Sunday, October 06, 2013

Sunday, October 06, 2013

the infamous casablanca

Posted by Hippobean at 11:59 PM 0 comments
premonition - somehow sorta knew my luggage would not arrive. Spent 2 hrs at the Casablanca airport filing a missing luggage report. Said it would arrive in a later flight. Delta out of SFO was 1.5hr late. So much for my comfortable 2.5 hrs layover at JFK. I dont think I'd be flying Delta again. That's the second time their planes had mechanical problems that caused delay and hassle for me. But somehow I also felt I would get my luggage in the end. My driver was generous enough to take me to the Hassan II Mosque, which although all tours were done for the day, I got to at least walk around the outside and take some pictures. In retrospect, I should have walked along the beach a bit and get a nice pict of the entire place, perched on an outcrop by the Atlantic. Should have also asked to take me to the Anfa mall and see if the Starbuck had the country mug. Ah well. The driver also brought me coffee and a bottled water. The woman he dropped off first, spoke French, married to a Portuguese and just returned from Lisbon. What a coincidence.
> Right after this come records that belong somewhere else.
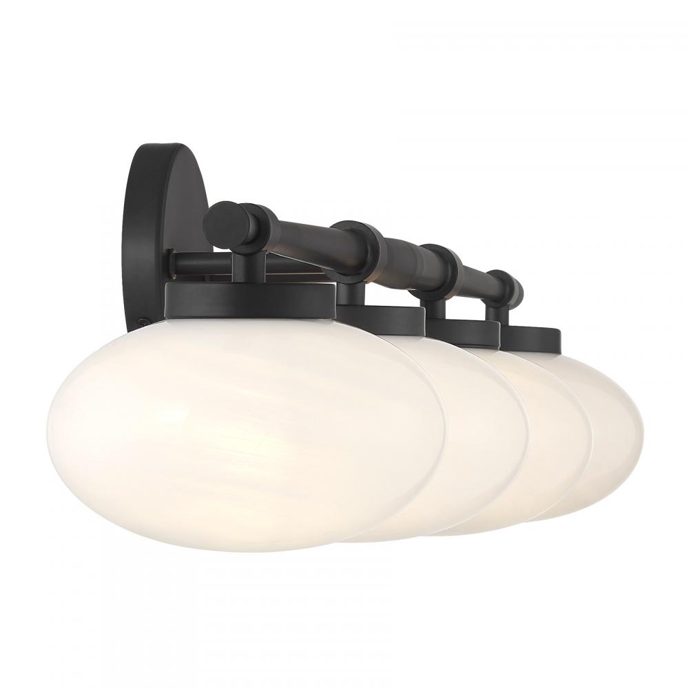 Add a hint of midcentury modern style to your bath with the Savoy House Barrow 4-light bath light. Oval-shaped shades of swirling, stunning strie glass hang down from stylized arms that are, like the round backplate, finished in Black. Barrow is 8" in height, 33.75" in width and extends 8" from the wall. It uses four G9 bulbs of up to 60 watts per bulb. Bulbs not included. Install as shown. This bath bar is damp area rated.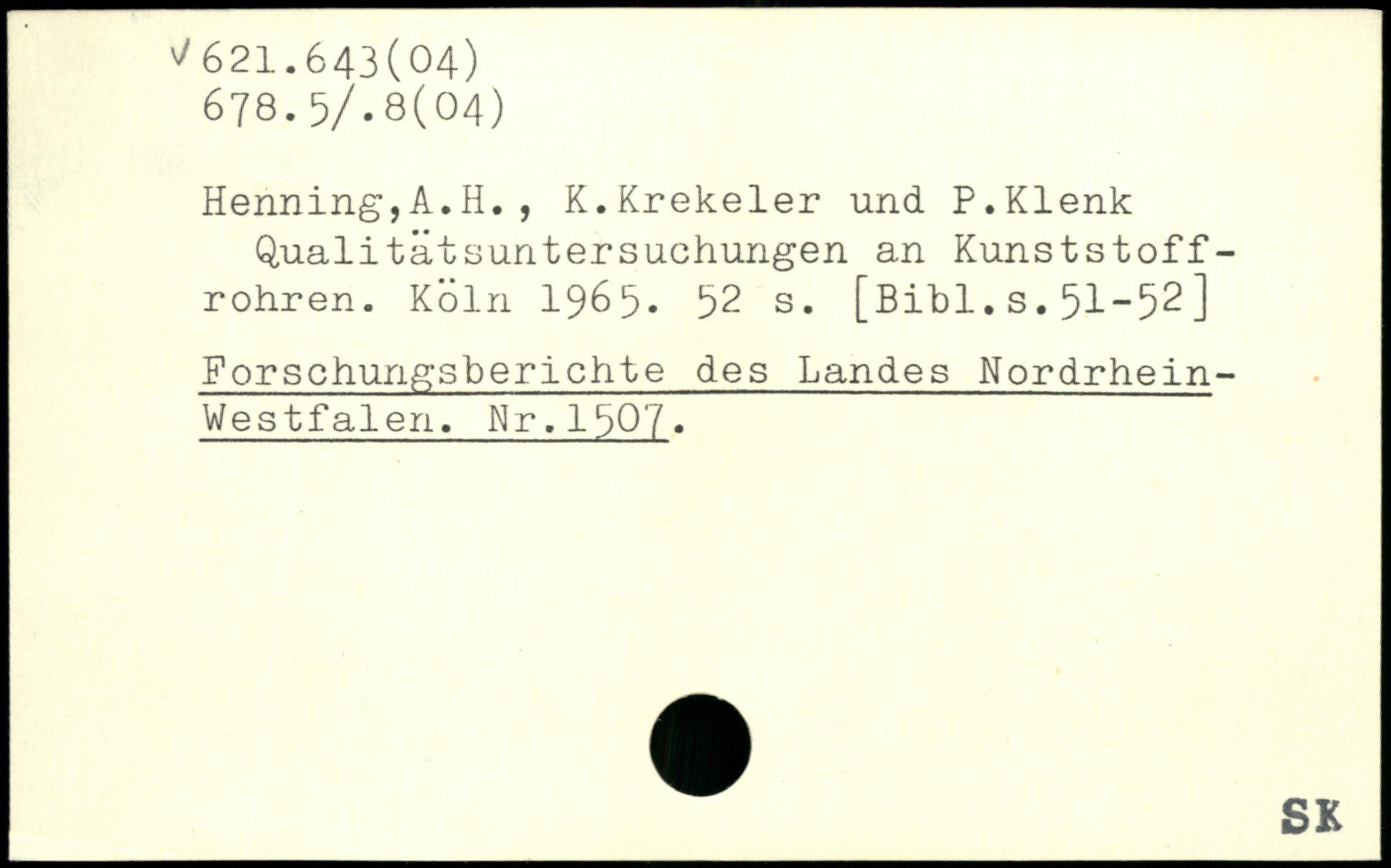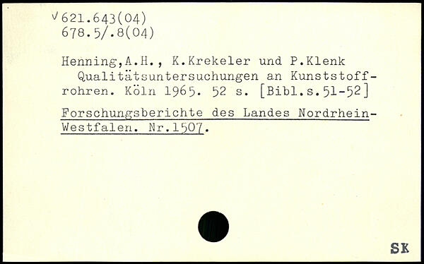 Henning,A.H. , K.Krekeler und P.Klenk Qualitätsuntersuchungen an Kunststoffrohren.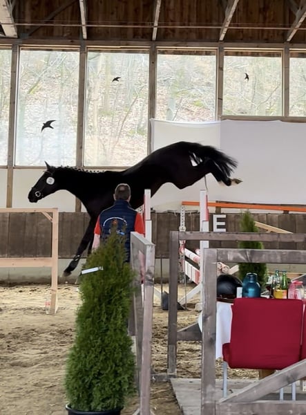 Se vende un prometedor semental de alta calidad con abrigo negro, nacido en abril de 2022. Fue montado a mediados/finales de mayo y ya ha realizado algunos saltos bajo la silla. TUV disponible: Impecable. Altura actual aproximada: 1.70 m. Línea de sangre: Cornet de Semilly x Classe VDL x Lupicor x Cor de la Bryere. Este semental, excepcionalmente elegante y con un fuerte carácter, aporta una gran calidad de movimiento y capacidad, con un notable estilo de salto. Es una garantía y un portador de esperanza para la gran gira. A mediados/finales de marzo: Campeonato de salto libre. Los jueces elogiaron especialmente sus movimientos por encima de la media, su calma y serenidad, así como su capacidad en el salto. Esto se recompensó directamente con una calificación de 8,8.

She dressed well, perfumed body and blonde hair. Her house (or villa?) had a driveway up to a gate. The house itself was hidden from view. A local opened the door. Maid? Yes, the French speaking community was without doubt the rich upper cast. My hotel was in a shabby part of town, just like tripadvisor warned. Small room but clean and with a balcony that overlooked the narrow street and faced the houses across the street. Luckily Aziz, our local guide, had to go pickup the Brits at the airport so I went along to pick up my luggage. Otherwise it would be $100 for the roundtrip taxi. 45 mins from the hotel to the airport. So bone tired. Been up for over 30 hrs now. Too bad there was no time to really see Casablanca. But aside from the Mosque, there's really nothing else to see here. This was just a starting point for the trip. But "Why did you have to come to Casablanca? There are other places."